Solo una cosa ti è chiesta, come del resto è chiesta a ogni cristiano. Che la tua
preghiera, ossia il tuo stretto, forte, legame con Dio non venga meno.
Se tutto ciò che facciamo e siamo lo facciamo e siamo perché siamo orientati dove è
il nostro tesoro, ossia il Cielo, allora il nostro pensiero deve sempre rivolgersi a quel
luogo.
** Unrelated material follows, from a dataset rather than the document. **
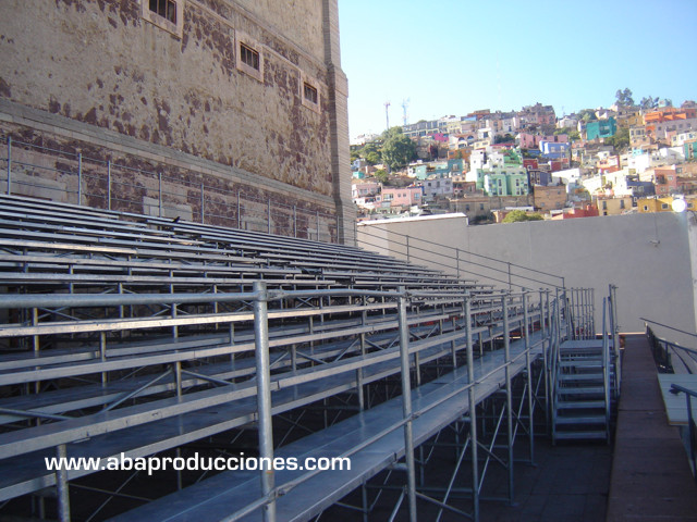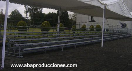 Somos especialistas en Gradas para todo tipo de eventos en la Republica Mexicana, pero manejamos también todo tipo de muebles auxiliares para tu evento, vallas, carpas, templetes etc. hasta sillas, butacas, unifilas, etc.

Solo così sperimenteremo anche durante la vita la felicità di sapere che ci
avviciniamo alla meta che ci preme, all’Amore che ci preme e che nella preghiera si
fa già sentire o quando non si facesse sentire – perché nella preghiera sono permessi
anche ai santi i momenti di aridità, di apparente assenza di Dio – il desiderio ci farà
sperimentare il possesso dell’Amore che solo nella preghiera possiamo e dobbiamo
incontrare e che, unica, sostiene a lungo andare, ciò che siamo e compiamo.
Caro Antonio, si può anche diventare preti ma se non si prega c’è il rischio di
rimanere dei funzionari del sacro che hanno perso la strada, l’orientamento verso
l’eternità e quindi degli infelici, preda di loro stessi, dei loro pensieri, delle loro
azioni che man mano ci si allontana da Dio rischiano di perdere di senso e anziché
dare felicità provocano amarezza, aridità frustrazione.
A te, dunque, agli altri seminaristi, a tutti i sacerdoti, religiose, consacrati, fedeli qui
presenti auguro di non venir mai meno alla preghiera assidua, quotidiana, che
accompagni il tuo e vostro respiro giornaliero e nello stesso tempo spero che
ciascuno di noi sappia trovare periodi di tempo, anche lungo, da dedicare ad essa
affinché la nostra via verso l’eternità, la via della santità sia sempre bella, luminosa,
coinvolgente altri fratelli e sorelle, nostri compagni di strada, verso la pienezza della
vita.
Che tutti i santi e Maria santissima, Regina di tutti i santi, intercedano per noi e
soprattutto per te, carissimo Antonio, affinché il Signore porti a compimento l’opera
che con la chiamata battesimale e particolare rivolta a ciascuno di noi ha voluto
iniziare per la felicità nostra e del mondo intero. Amen.